3. Siphunculi very thin with small apical expansion that is hardly a “bulb” … 4
— Siphunculi thicker, with very bulb-like apical bulb … 5

4. R IV+V about 0.13 mm long; living on A. tridentata … Epameibaphis Species #5
— R IV+V about 0.11 mm long; on various sagebrush species other than A. tridentata … Epameibaphis Species #6

5. Siphunculi medium brown to back-ish … 6
— Siphunculi pale to slightly dusky … 7

6. Femora brown, fore femora noticeably paler … Epameibaphis atricornis
— Femora pale to slightly dusky … Epameibaphis Species #4

7. Antennae with some setae about as long as basal width of ANT III; R IV+V about 0.13 mm … Epameibaphis utahensis? Species #3
— Antennae with setae much shorter than basal width of ANT III; R IV+V about 0.11 mm … Epameibaphis Species #2

References Cited

Ackerfield, J. (2015) Flora of Colorado. BRIT Press, Fort Worth. 820 pp.

Gillette, C.P. & Palmer, M.A. (1933) New species of aphids from Colorado. Annals of the Entomological Society of America, 26(2), 348–376.
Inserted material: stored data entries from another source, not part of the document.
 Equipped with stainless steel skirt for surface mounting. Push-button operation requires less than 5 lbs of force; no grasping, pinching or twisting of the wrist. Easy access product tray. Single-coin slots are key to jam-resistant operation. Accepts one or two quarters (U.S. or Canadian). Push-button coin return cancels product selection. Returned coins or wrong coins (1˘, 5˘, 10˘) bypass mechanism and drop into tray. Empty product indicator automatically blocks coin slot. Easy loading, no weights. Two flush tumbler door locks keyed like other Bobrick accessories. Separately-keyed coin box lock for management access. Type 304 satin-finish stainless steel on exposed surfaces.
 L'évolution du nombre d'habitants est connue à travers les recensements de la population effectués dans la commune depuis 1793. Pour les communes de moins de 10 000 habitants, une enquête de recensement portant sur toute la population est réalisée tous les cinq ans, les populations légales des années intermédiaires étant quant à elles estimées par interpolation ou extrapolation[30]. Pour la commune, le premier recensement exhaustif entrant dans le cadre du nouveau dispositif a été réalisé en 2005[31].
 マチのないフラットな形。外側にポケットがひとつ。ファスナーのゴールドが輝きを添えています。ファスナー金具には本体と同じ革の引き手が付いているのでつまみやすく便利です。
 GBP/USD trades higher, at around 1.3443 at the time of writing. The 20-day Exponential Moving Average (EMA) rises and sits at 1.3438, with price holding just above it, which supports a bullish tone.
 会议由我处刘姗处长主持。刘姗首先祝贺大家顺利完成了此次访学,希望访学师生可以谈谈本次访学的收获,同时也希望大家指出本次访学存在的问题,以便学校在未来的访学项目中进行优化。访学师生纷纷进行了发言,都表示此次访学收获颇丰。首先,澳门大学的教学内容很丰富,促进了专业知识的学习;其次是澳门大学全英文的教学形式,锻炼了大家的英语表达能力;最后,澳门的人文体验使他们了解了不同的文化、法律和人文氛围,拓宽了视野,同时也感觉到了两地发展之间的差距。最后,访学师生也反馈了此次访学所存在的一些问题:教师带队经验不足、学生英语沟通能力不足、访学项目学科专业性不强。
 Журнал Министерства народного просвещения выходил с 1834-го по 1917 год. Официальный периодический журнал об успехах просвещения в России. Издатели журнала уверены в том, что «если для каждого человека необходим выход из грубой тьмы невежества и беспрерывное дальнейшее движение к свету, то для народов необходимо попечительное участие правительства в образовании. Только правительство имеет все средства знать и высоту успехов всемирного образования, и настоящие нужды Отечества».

Knowlton, G.F. (1946) A new sagebrush aphid (Homoptera). Entomological News, 57(6), 153–155.

Knowlton, G.F. & Smith, C.F. (1936) The genus Epameibaphis in Utah. Proceedings of the Entomological Society of Washington, 38(5), 89–92.

Oestlund, O.W. (1886) List of the Aphididae of Minnesota with descriptions of some new species. Annual Report of the Minnesota State Geological and Natural History Survey, 14, 17–56.

Oestlund, O.W. (1923) A synoptical key to the Aphididae of Minnesota. Report of the State Entomologist of Minnesota, 19, 114–151.

Palmer, M.A. (1952) Aphids of the Rocky Mountain Region. The Thomas Say Foundation, 5, 452 pp.